Mr. Loy has served as the Executive Vice President and Chief Operating Officer of the registrant since July 2008. Prior to that, he served as the Registrant's Executive Vice President and Chief Administrative Officer from the August 2005 merger with Mykrolis Corporation until July 2008. He served as the Vice President and Chief Financial Officer of Mykrolis Corporation from January 2001 until that merger. Prior to that, Mr.

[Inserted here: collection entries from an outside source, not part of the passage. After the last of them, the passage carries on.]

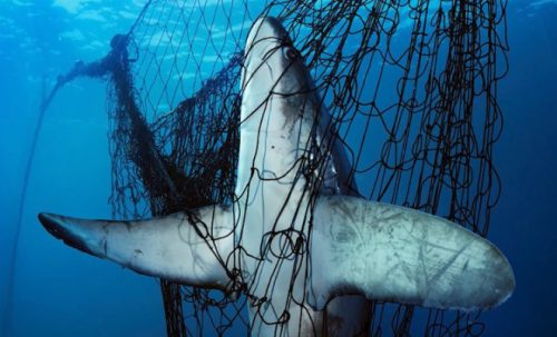 Акула попала в сеть защитную, которую часто ставят вдоль пляжей австралийских. Казалось, размер ячеек оказался слишком великим, и акула практически полностью запуталась в них.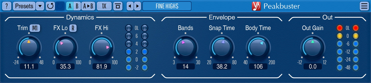 Peakbuster is a multi-band transient enhancer effect plug-in that uses an advanced automatic algorithm.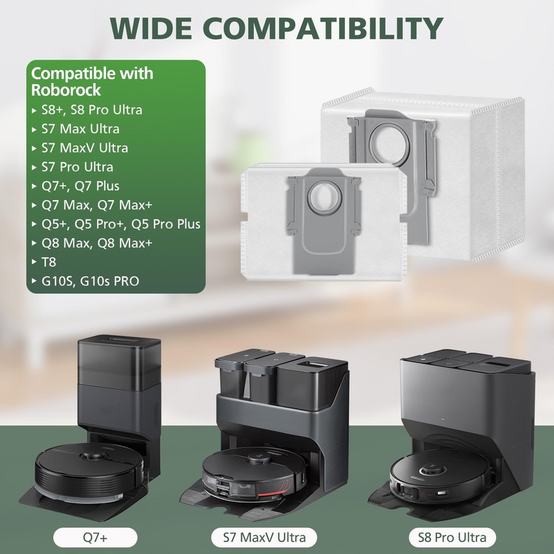 - FIT MODELS: S7 MaxV Ultra Dust Bag compatible with Roborock S7 MaxV Ultra, S7 Max Ultra, Q5, Q5+, Q5 Pro+, Q7, Q7+, Q7 Max, Q7 Max+, Q8 Max+, S8+, S8 Pro Ultra and S7 Pro Ultra Robot Vacuum. Please kindly check your machine model before ordering.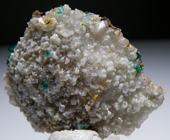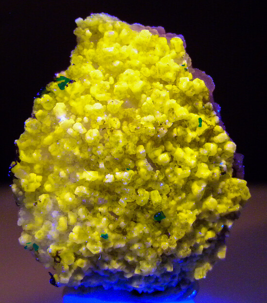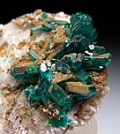 New find of Dioptase crystals with white Willemite crystals from near Mindouli. The Dioptase crystals occur on one side of the white Calcite matrix. The other side is covered by white Willemite crystals. The Willemite are a bright yellow under UV lighting. This is a rare combination that I've only seen previously from Tsumeb. Valued at $250+.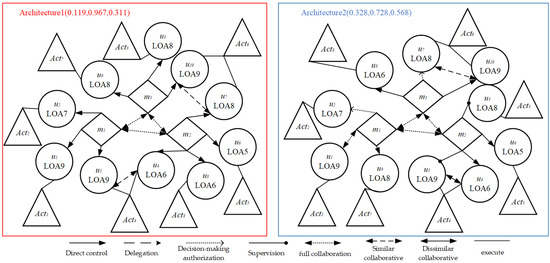 Figure 6 presents a comparison between two MAV/UAV COS architectures, using the selected Pareto solutions (0.119, 0.967, 0.311) and (0.328, 0.728, 0.568) indicated in Figure 4. These values correspond to the objective function components: system command-and-control performance, system implementation performance, and total effectiveness. In both architectures, the MAV–UAV relationships are fully collaborative. The Pareto solution chosen for Architecture 1 is more extreme, featuring the highest system execution performance but the lowest command-and-control performance. At this point, all UAV-and-manned-aircraft relationships are directly controlled, yielding a total effectiveness of 0.31. In contrast, the Pareto solution for Architecture 2 demonstrates a more balanced approach, reflecting significant modifications. Although the execution performance of Architecture 2 decreases by 24.7% relative to Architecture 1, the command-and-control performance improves by 176.5%, and the overall effectiveness rises by 82.6%.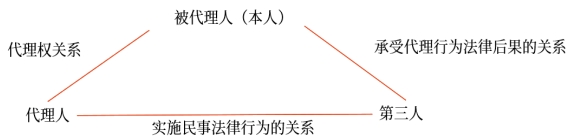代理是指代理人在代理權(quán)限內(nèi),以被代理人的名義與第三人實(shí)施民事法律行為,由此產(chǎn)生的法律后果直接由被代理人承受的一種法律制度。代理的三方關(guān)系如下:

Loy served as the Chief Information Officer of Millipore Corporation, a predecessor corporation to Mykrolis, from April 1999 until December 2000. From 1995 until 1999, he served as the Division Controller for Millipore's Laboratory Water Division. From 1989 until 1995, Mr. Loy served Sandoz Pharmaceuticals (now Novartis) in a variety of financial, audit and controller positions located in Europe, Central America and Japan. Mr. Loy currently serves on the board of BTU International, Inc., a publicly held supplier of advanced thermal processing equipment.



Item 9.01. Financial Statements and Exhibits.

(d) Exhibits

Reference is made to Exhibit 99.1 attached to the Original 8-K, which disclosure is incorporated herein by reference.